Le Conseil d’État examine actuellement la question délicate du contrôle d’identité au faciès, suite aux émeutes qui ont éclaté dans plusieurs villes françaises trois mois auparavant, suite à la tragique mort du jeune Nahel. Cette problématique est soulevée par six associations qui ont saisi l’autorité compétente.
Abdoulaye a vécu une expérience qui l’a fait complètement craquer le 1er avril 2022 lorsqu’il a été confronté à quatre policiers du 16e arrondissement à Paris. Sur la vidéo du contrôle qu’il a lui-même filmée, on peut l’entendre dire : « C’est la 200ᵉ fois que je me fais contrôler par la police, il y en a ras-le-bol, je me fais tout le temps contrôler, tout le temps ! » Trois mois après les émeutes liées à la mort du jeune Nahel, le Conseil d’État examine la question sensible du contrôle d’identité au faciès.
Appuyées sur de nombreux témoignages, dont celui d’Abdoulaye, six associations, dont Human Rights Watch et Amnesty International, ont saisi la plus haute juridiction administrative française afin de contraindre l’État à changer ses pratiques en matière de contrôle policier, telles que la modification du code de procédure pénale ou l’introduction d’un récépissé par exemple.
La colère d’Abdoulaye, sans violence physique, lui a valu une amende de 2 400 euros pour outrage aux personnes dépositaires de l’ordre public.
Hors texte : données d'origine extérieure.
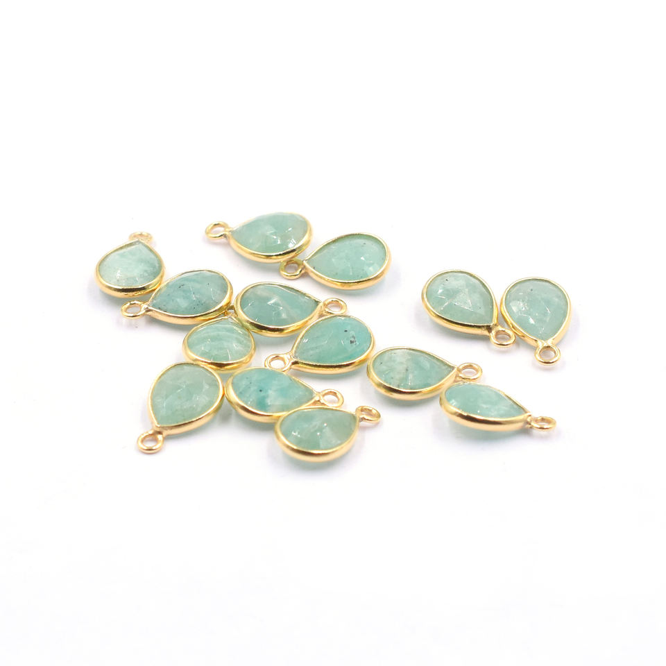 จี้925รูปลูกแพร์ Amazonite ชุบทองทำเครื่องประดับแฮนด์เมด
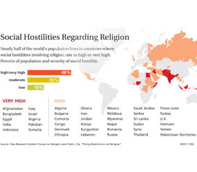 The report, “Rising Restrictions on Religion,” noted that such limitations are on the upswing in only 23 of the world’s 198 nations, and that many of those countries are among the world’s most populous and fastest-growing in population, affecting a higher percentage of the world’s residents.
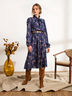 Платье в романтическом стиле с воротником-стойкой, переходящим в красивый бант. Предусмотрена эластичная деталь в поясе и манжетах. Пояс в комплект не входит. Изделие хорошо подойдёт обладательницам фигуры "груша" и "яблоко".
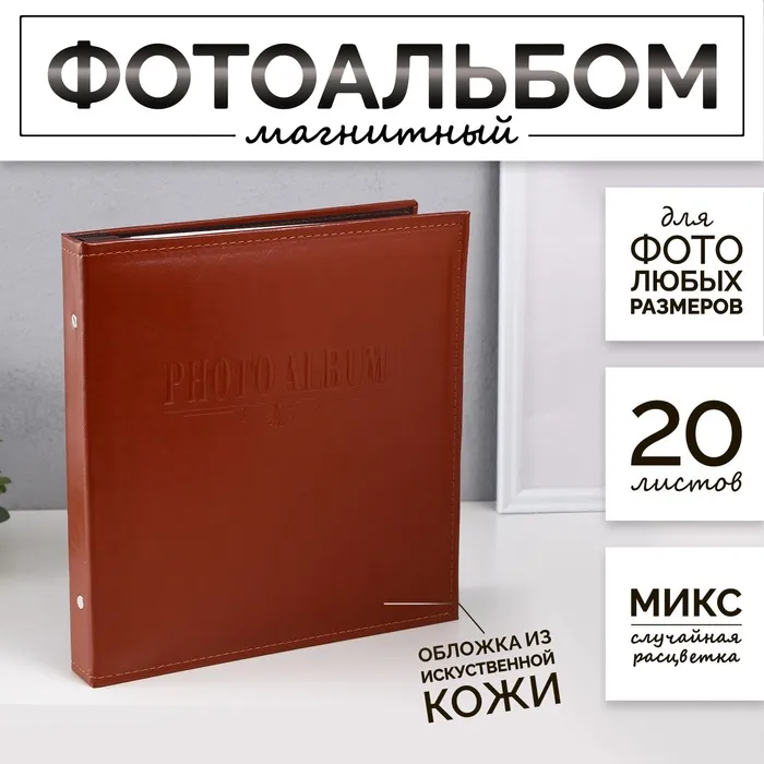 В магнитных фотоальбомах система крепления фотографий позволяет разместить на странице несколько снимков одного или разных форматов. В таких фотоальбомах отсутствуют кармашки для определенного формата фотографий, а вместо этого на страницах имеется закрепленная к краю клейкая прозрачная пленка, которая легко отлепляется от листа, на листе раскладываются фотографии, затем они накрываются пленкой и пленка разглаживается. Так Ваши снимки остаются защищенными от повреждения, а клейкая основа удерживает их на месте. Причем, менять фотографии в таких фотоальбомах можно не один раз, а неоднократно. Нам всегда так приятно вспоминать о самых счастливых моментах жизни, запечатленных на фотографиях. Поэтому фотоальбом является универсальным подарком к любому празднику. Вашим родным, близким и просто знакомым будет приятно помещать фотографии в этот альбом.

Il dénonce « le côté arbitraire » et la répétition de ces « contrôles au faciès ».
« J’ai des amis blancs de 30 ans, 35 ans, qui me disent qu’ils n’ont jamais été contrôlés par la police. » – Abdoulaye, à 42mag.fr
Aujourd’hui, Abdoulaye reste convaincu que c’est la couleur de sa peau, son apparence et une forme de profilage ethnique qui ont poussé les agents à le choisir ce jour-là parmi les autres automobilistes. « Dans un centre commercial où l’on va quelque part et qu’au milieu de la foule, on vous arrête, on vous met sur le côté, on vous fouille. Après vous posez la question ‘Pourquoi vous me contrôlez ?’ et on vous répond ‘Ne posez pas de questions, c’est comme ça !’. Il faut que ça change parce qu’il ne doit pas y avoir deux France dans un seul pays. »
Abdoulaye affirme avoir subi près de 200 contrôles d’identité qu’il estime être liés à son apparence depuis son enfance. Cette information est impossible à vérifier car en France, les forces de l’ordre ne délivrent pas de récépissés aux personnes qu’elles contrôlent dans l’espace public.
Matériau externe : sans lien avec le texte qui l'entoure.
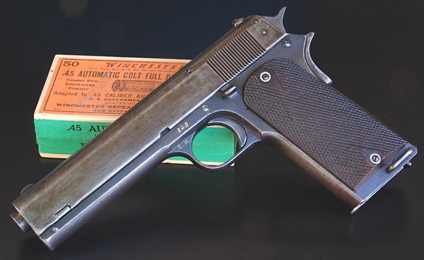 Model 1907 Military Serial Number 145 - 200 .45 cal. No. 1 -200 (inclusive) Modified hammer, Nearly vertical ejection. Auto Indicator to show that chamber is loaded, Auto safety, Strengthened stirrup, and Lengthened trigger stirrup pin. Shipped   to the U.S. Government, Springfield Armory, March 17, 1908.

Il convient de noter que le président de la République, Emmanuel Macron, a reconnu le 4 décembre 2020 l’existence des contrôles au faciès, suite à l’agression du producteur de musique noir Michel Zecler, ce qui a provoqué la colère des syndicats de police.
Au cours des dernières années, la France a été condamnée plusieurs fois sur cette question : en juin 2021 par la Cour d’appel de Paris et en 2016 par la Cour de cassation, qui a condamné définitivement l’État pour des contrôles « au faciès ». Dans un rapport datant de 2017, le Défenseur des droits avait conclu qu’un jeune homme « perçu comme noir ou arabe » avait vingt fois plus de chances d’être contrôlé que le reste de la population.